*TASK BRIEF*. Give the data back exactly. Leave out any images.

______________________________

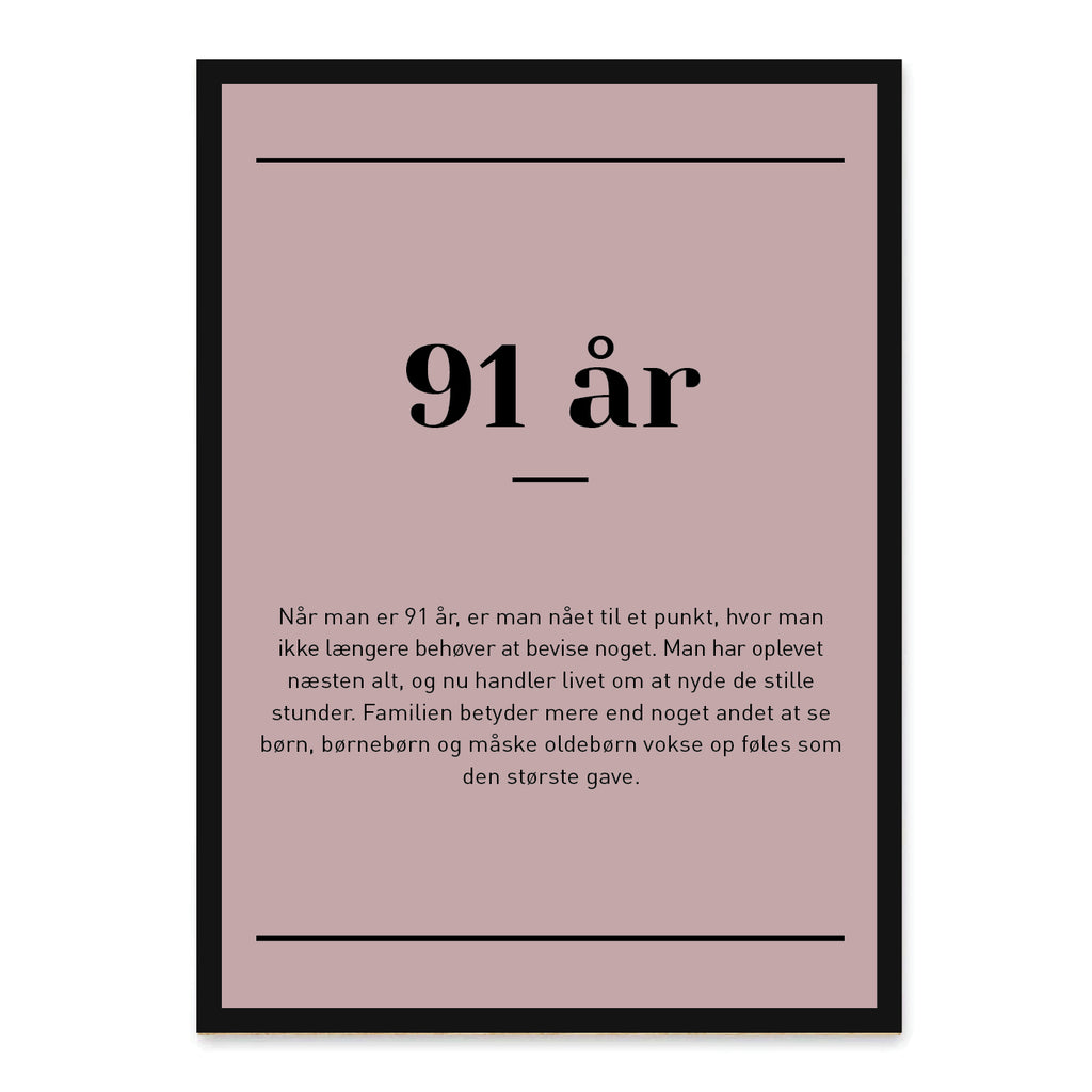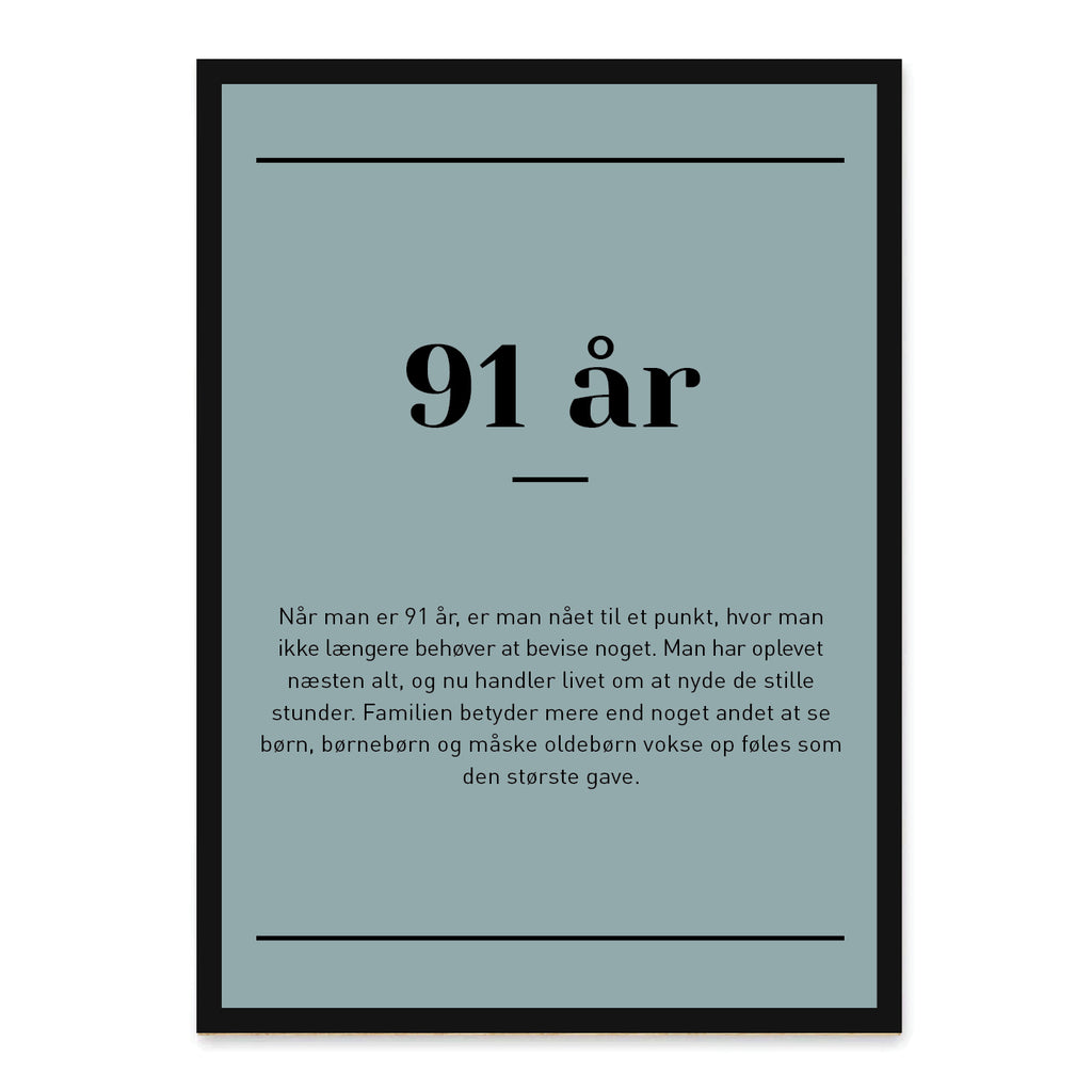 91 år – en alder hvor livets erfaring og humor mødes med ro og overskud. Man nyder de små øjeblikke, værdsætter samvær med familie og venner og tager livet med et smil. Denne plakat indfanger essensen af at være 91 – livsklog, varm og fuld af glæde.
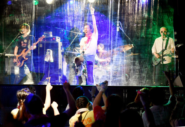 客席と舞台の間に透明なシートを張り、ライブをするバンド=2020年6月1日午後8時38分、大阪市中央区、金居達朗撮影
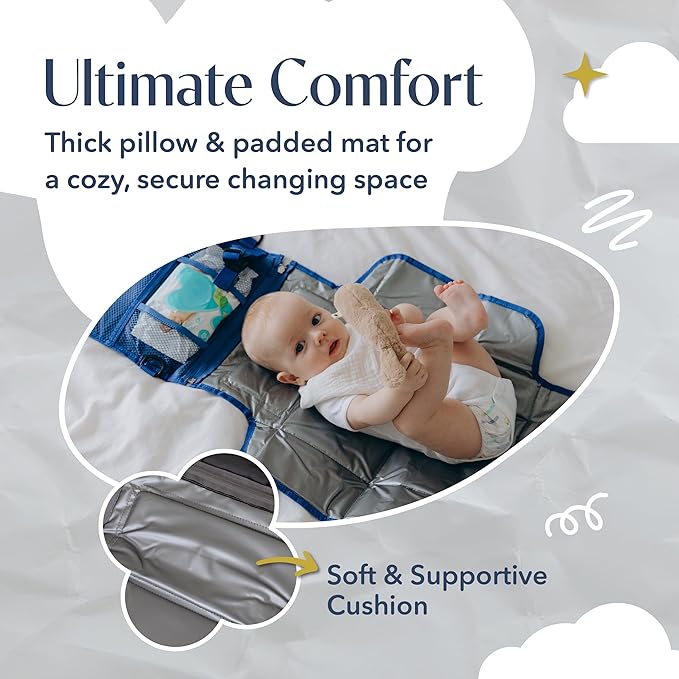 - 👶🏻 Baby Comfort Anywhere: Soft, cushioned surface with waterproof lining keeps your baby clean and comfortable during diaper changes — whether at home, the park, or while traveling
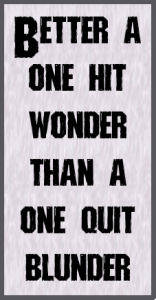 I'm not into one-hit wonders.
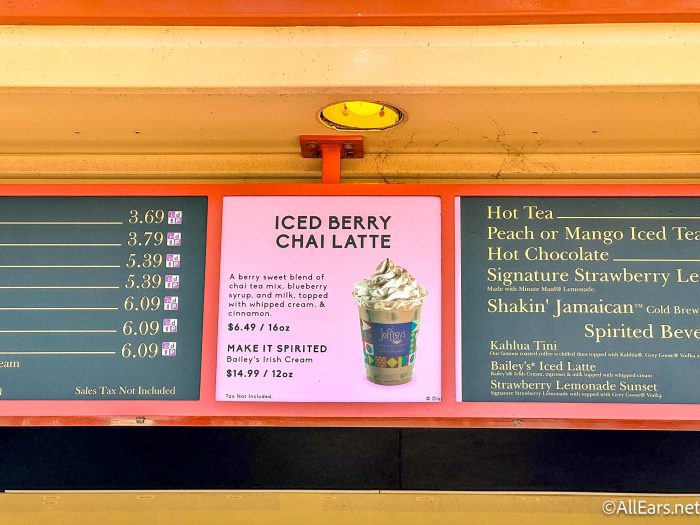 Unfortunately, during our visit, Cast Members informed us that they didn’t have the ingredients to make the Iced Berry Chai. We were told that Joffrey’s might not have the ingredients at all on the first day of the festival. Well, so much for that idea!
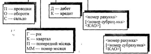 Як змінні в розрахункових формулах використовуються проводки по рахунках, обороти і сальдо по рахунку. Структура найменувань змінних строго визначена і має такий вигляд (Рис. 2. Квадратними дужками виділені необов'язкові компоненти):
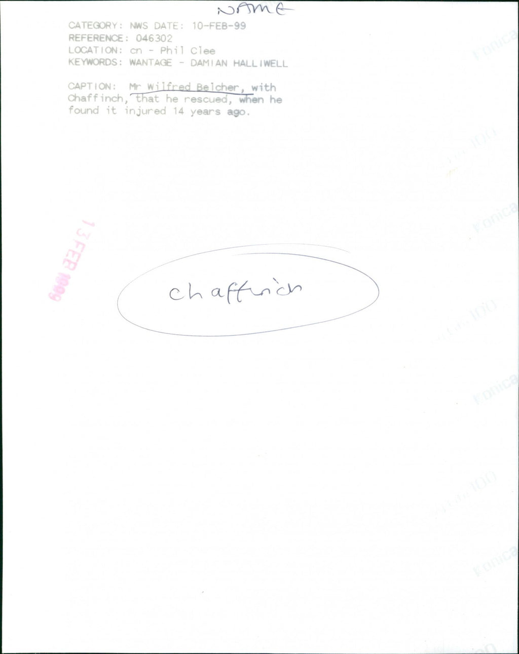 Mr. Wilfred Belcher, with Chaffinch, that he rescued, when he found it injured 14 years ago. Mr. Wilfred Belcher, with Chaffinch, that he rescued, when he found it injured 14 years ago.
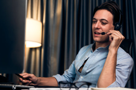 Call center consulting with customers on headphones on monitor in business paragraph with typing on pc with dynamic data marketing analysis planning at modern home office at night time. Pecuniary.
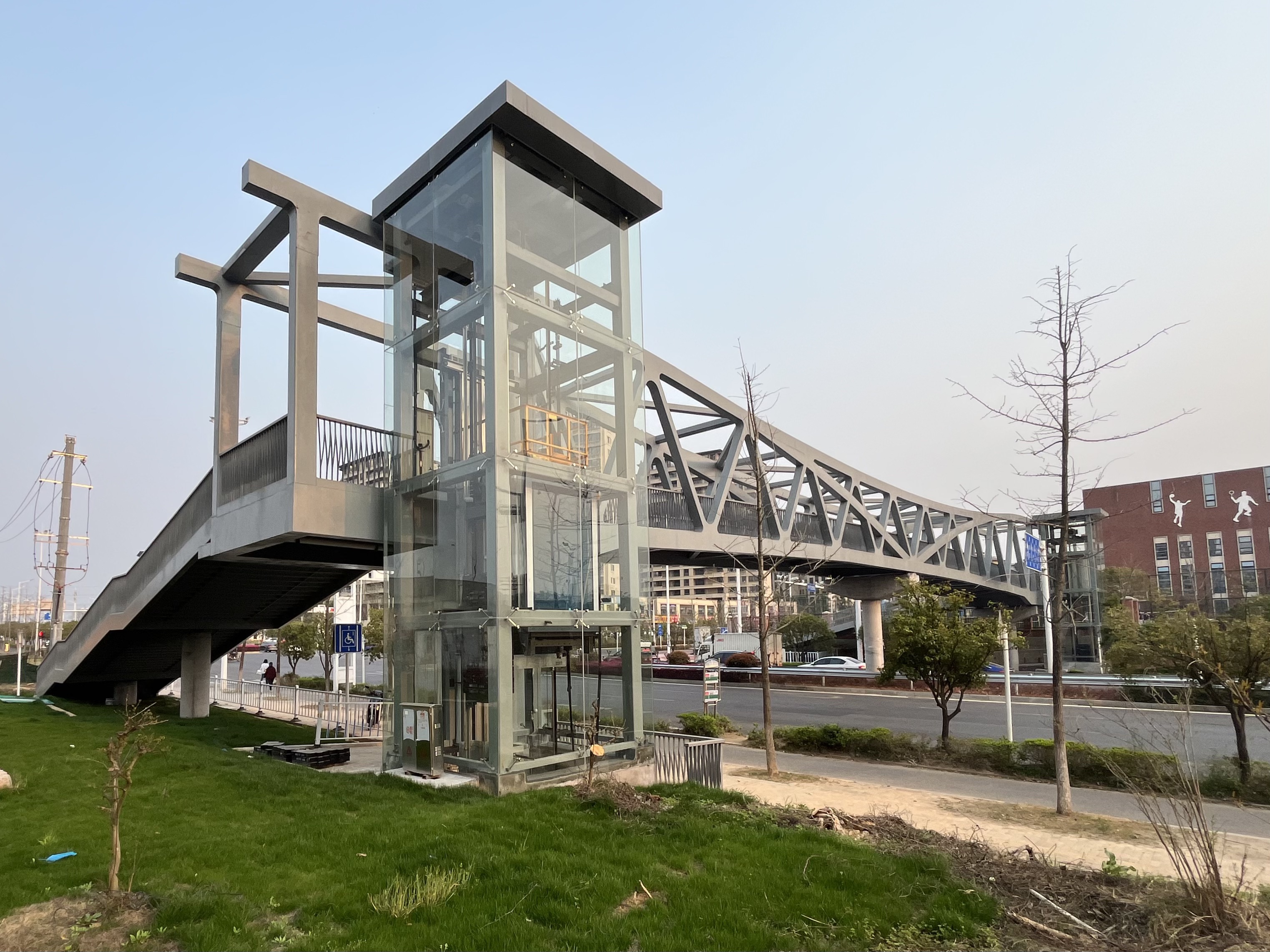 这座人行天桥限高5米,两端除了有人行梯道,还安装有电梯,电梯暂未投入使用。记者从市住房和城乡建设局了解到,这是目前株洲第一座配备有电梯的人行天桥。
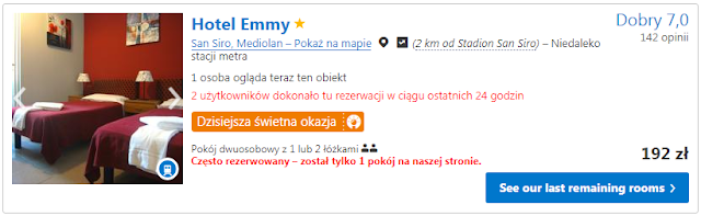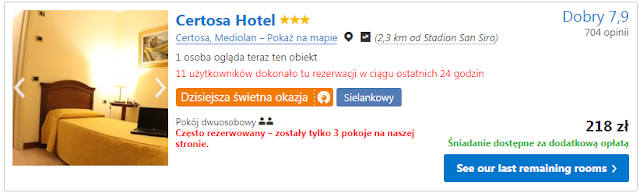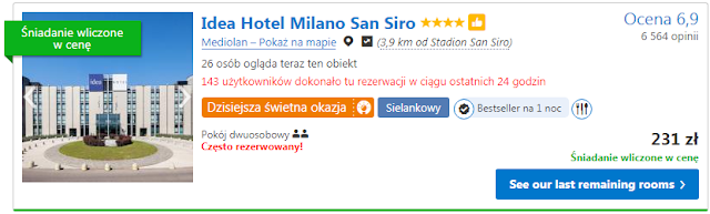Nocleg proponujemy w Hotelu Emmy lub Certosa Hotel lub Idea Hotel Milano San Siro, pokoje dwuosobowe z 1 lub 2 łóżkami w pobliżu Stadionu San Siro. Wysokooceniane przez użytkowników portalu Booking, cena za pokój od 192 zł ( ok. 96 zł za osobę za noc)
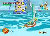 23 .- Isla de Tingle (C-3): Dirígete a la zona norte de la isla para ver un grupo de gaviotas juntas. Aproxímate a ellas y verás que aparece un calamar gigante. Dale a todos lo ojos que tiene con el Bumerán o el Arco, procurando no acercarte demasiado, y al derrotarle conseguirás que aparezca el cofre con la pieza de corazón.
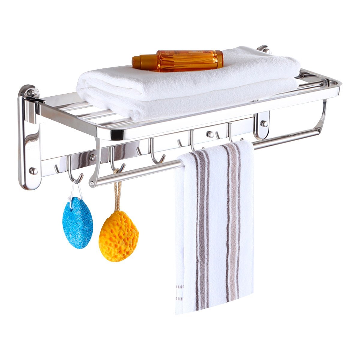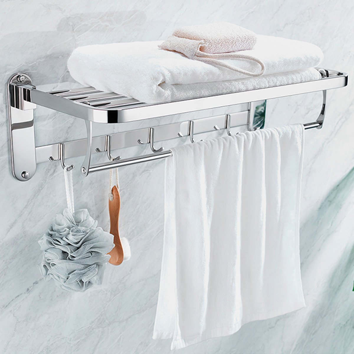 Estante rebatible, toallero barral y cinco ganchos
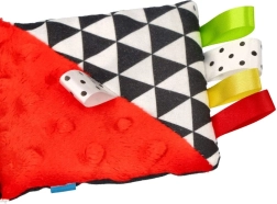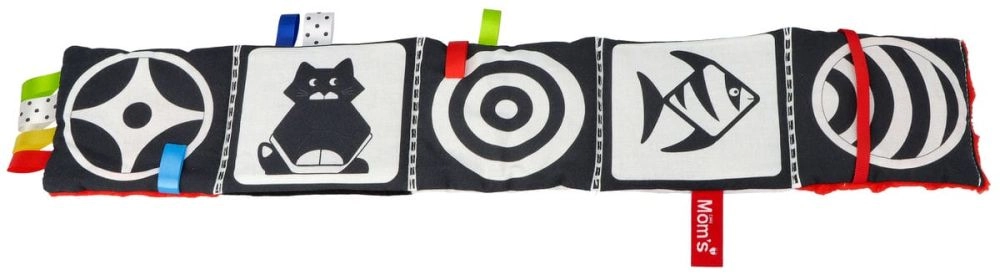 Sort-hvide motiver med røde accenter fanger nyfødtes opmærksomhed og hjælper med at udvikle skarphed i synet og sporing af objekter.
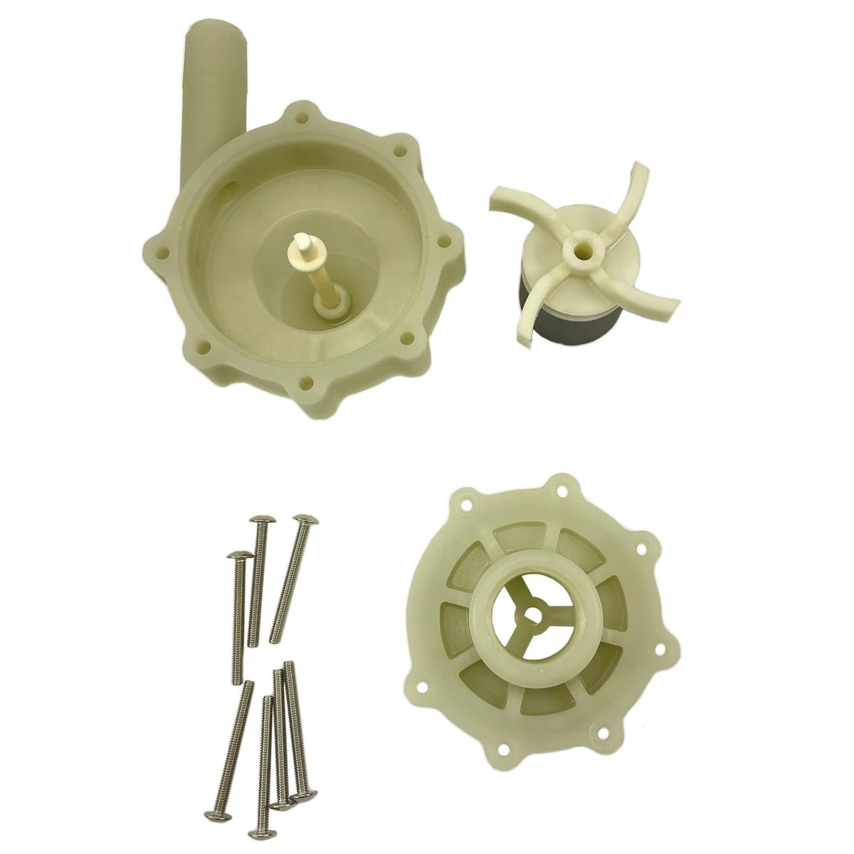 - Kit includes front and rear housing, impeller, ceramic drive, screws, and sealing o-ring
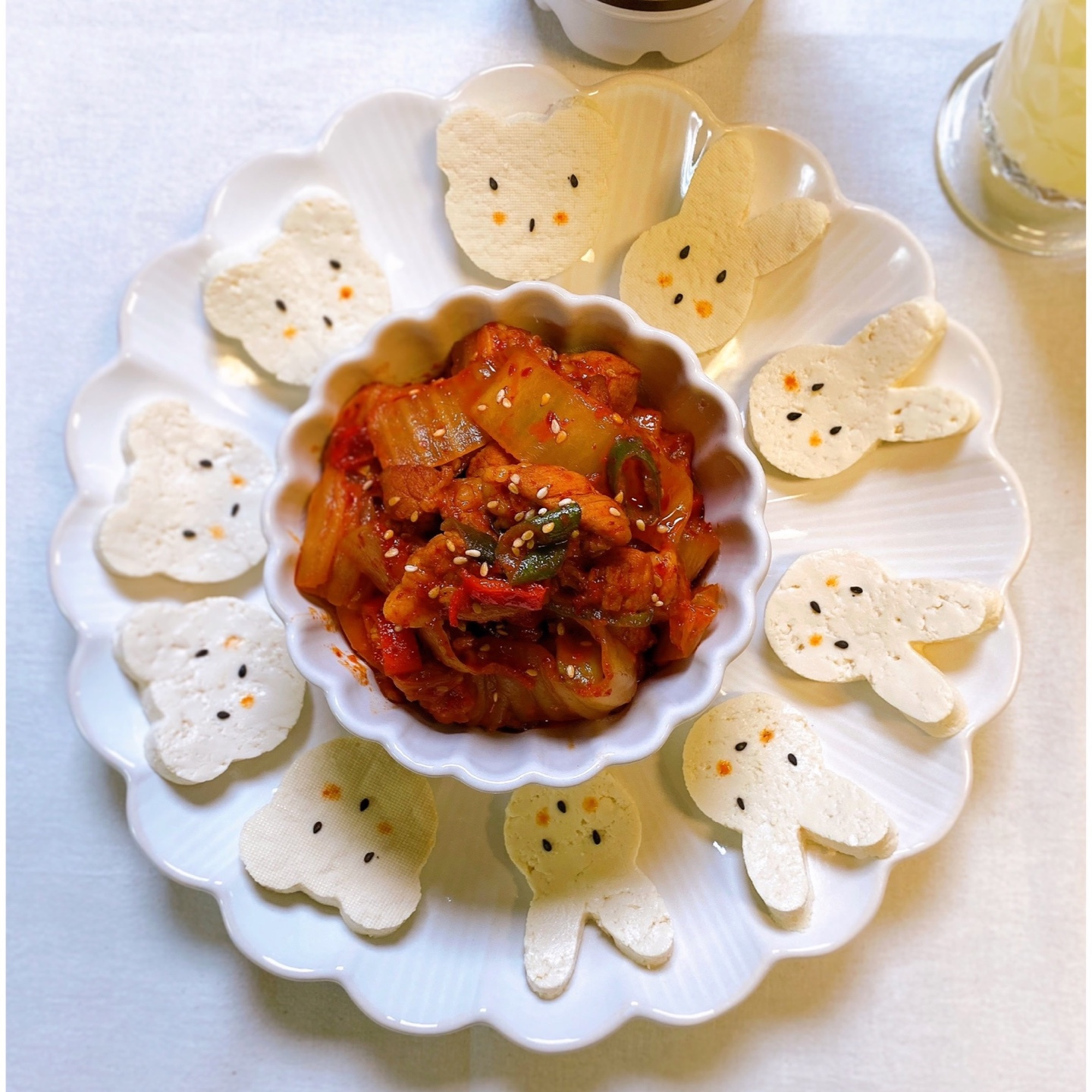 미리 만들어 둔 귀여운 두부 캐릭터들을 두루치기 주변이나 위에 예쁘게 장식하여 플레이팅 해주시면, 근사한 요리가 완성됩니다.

______________________________

*TASK OUTPUT*.
 91 år – en alder hvor livets erfaring og humor mødes med ro og overskud. Man nyder de små øjeblikke, værdsætter samvær med familie og venner og tager livet med et smil. Denne plakat indfanger essensen af at være 91 – livsklog, varm og fuld af glæde.
 客席と舞台の間に透明なシートを張り、ライブをするバンド=2020年6月1日午後8時38分、大阪市中央区、金居達朗撮影
 - 👶🏻 Baby Comfort Anywhere: Soft, cushioned surface with waterproof lining keeps your baby clean and comfortable during diaper changes — whether at home, the park, or while traveling
 I'm not into one-hit wonders.
 Unfortunately, during our visit, Cast Members informed us that they didn’t have the ingredients to make the Iced Berry Chai. We were told that Joffrey’s might not have the ingredients at all on the first day of the festival. Well, so much for that idea!
 Як змінні в розрахункових формулах використовуються проводки по рахунках, обороти і сальдо по рахунку. Структура найменувань змінних строго визначена і має такий вигляд (Рис. 2. Квадратними дужками виділені необов'язкові компоненти):
 Mr. Wilfred Belcher, with Chaffinch, that he rescued, when he found it injured 14 years ago. Mr. Wilfred Belcher, with Chaffinch, that he rescued, when he found it injured 14 years ago.
 Call center consulting with customers on headphones on monitor in business paragraph with typing on pc with dynamic data marketing analysis planning at modern home office at night time. Pecuniary.
 这座人行天桥限高5米,两端除了有人行梯道,还安装有电梯,电梯暂未投入使用。记者从市住房和城乡建设局了解到,这是目前株洲第一座配备有电梯的人行天桥。
Nocleg proponujemy w Hotelu Emmy lub Certosa Hotel lub Idea Hotel Milano San Siro, pokoje dwuosobowe z 1 lub 2 łóżkami w pobliżu Stadionu San Siro. Wysokooceniane przez użytkowników portalu Booking, cena za pokój od 192 zł ( ok. 96 zł za osobę za noc)
 23 .- Isla de Tingle (C-3): Dirígete a la zona norte de la isla para ver un grupo de gaviotas juntas. Aproxímate a ellas y verás que aparece un calamar gigante. Dale a todos lo ojos que tiene con el Bumerán o el Arco, procurando no acercarte demasiado, y al derrotarle conseguirás que aparezca el cofre con la pieza de corazón.
 Estante rebatible, toallero barral y cinco ganchos
 Sort-hvide motiver med røde accenter fanger nyfødtes opmærksomhed og hjælper med at udvikle skarphed i synet og sporing af objekter.
 - Kit includes front and rear housing, impeller, ceramic drive, screws, and sealing o-ring
 미리 만들어 둔 귀여운 두부 캐릭터들을 두루치기 주변이나 위에 예쁘게 장식하여 플레이팅 해주시면, 근사한 요리가 완성됩니다.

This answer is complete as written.